- Lébamba Location in Gabon
- Coordinates: 2°12′S 11°30′E﻿ / ﻿2.200°S 11.500°E
- Country: Gabon
- Province: Ngounié Province
- Department: Louetsi-Wano Department

= Lébamba =

Lébamba is a small town in south-western Gabon. It is the capital of Louetsi-Wano Department in Ngounié Province. It lies along the N6 road, 38.3 kilometres northeast of Ndendé. A Catholic Mission has long been established in Lébamba.

==Geography==
Lébamba is located in south-western Gabon, and in the southeast of Ngounié Province. Kanda and Moukoundou lie nearby to the northeast. The Ngounié River flows just to the west of the town and the Louetsi River is also nearby. The land between Lébamba and Mouila is mainly floodplain.

Two kilometres from Lébamba are "massive underground cave networks", known as the Bongolo Caves or Malibé Caves. The caves lie at an altitude of 1150 metres. The Lekindou waterfall is also nearby.

==Economy==
An agronomical research center was established at Lébamba in the 1960s. Since, the Lébamba Agro-pastoral Project has conducted studies on the socio-economic aspects of livestock production in the region. In the 1970s, an oil mill for processing palm oil was established in Lébamba by the Agro-Gabon Company. In 1981, a two-year, UNDP funded project, Agro-pastoral Development of Lébamba Zone, was developed to study the socio-economic aspects of livestock production in the region. In the same decade, rice based farming systems were established in three villages of the Lébamba region. In 1990, it was noted that a soil conditioner project in Lébamba would continue for a few years as the country's soil has fairly low agricultural fertility.

==Culture==
The Nzebi people (or Banzebi, or Ndzebi)) live in the area between Lébamba and extending to west of Franceville. Njebi, a Northwest Bantu language, is spoken in Lébamba. The Wumbvu people live in the same province, but to the east of Lébamba; they speak the Wumbvu language and are of a different tribal cluster, that of the Central Congo.

It was reported in 1971 that the Christian and Missionary Alliance opened a bookstore, reading room and youth center in the village.

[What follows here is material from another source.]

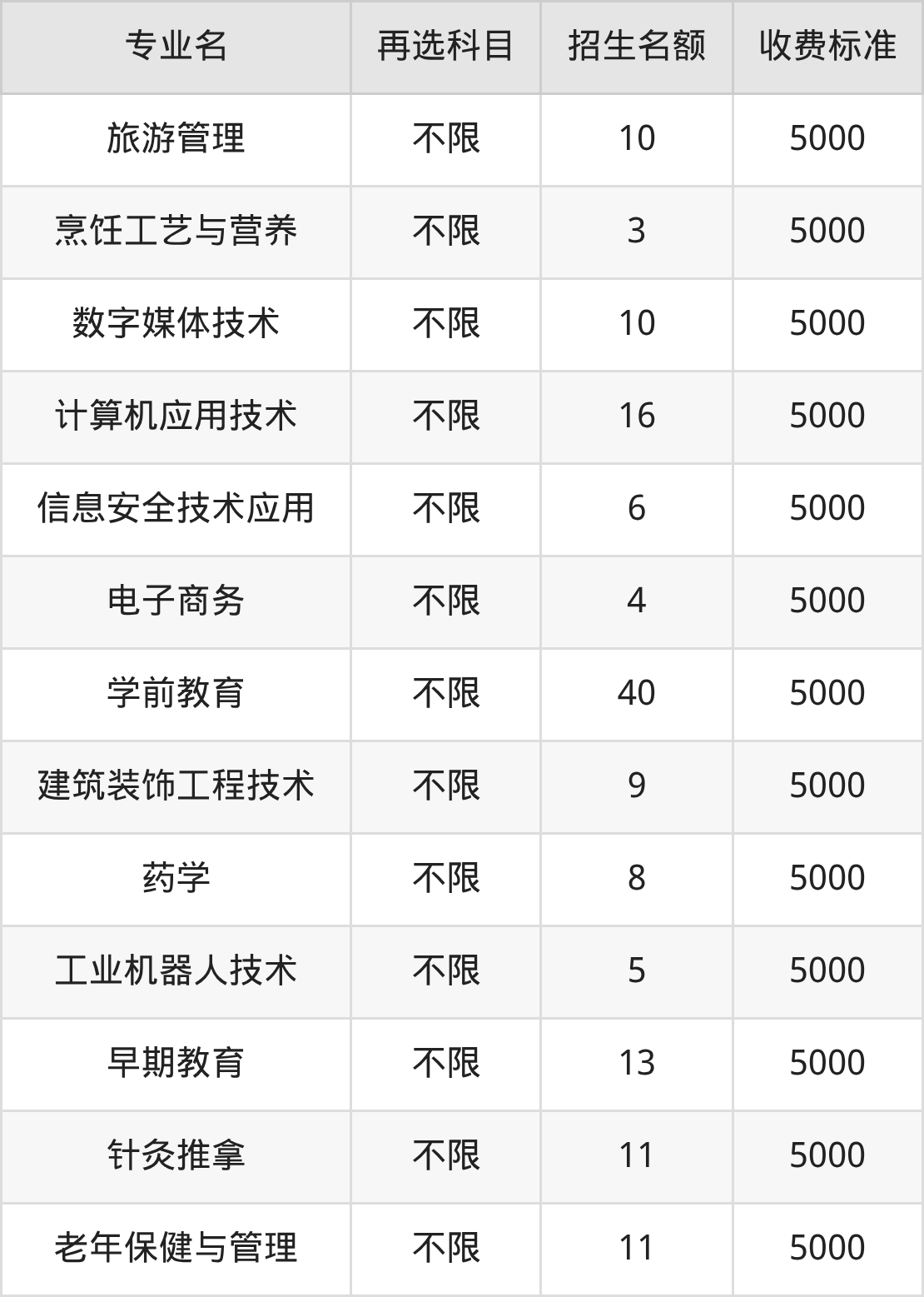 呼伦贝尔职业技术学院在历史组高职专科批招生的各个专业,每年的学费是5000元。招生人数最多的专业是学前教育,2025年招40人,学费是5000元。

The Bongolo Hospital, which is considered to be one of the best in Gabon, is located in Lébamba. Established in 1977, the hospital is staffed by American missionary doctors and is one of only three hospitals in Gabon that offers HIV testing (the others are the Libreville and Port Gentil Hospitals).

==Transportation==
In 1993, a bridge financed by the US, Canada and France was announced costing CFA69.280m for construction over the Louetsi River near Lébamba; the total cost of the scheme was estimated at CFA281.745m. The Ndende to Lébamba road was constructed with the assistance of China. An 800 m laterite and grass airstrip services the hospital.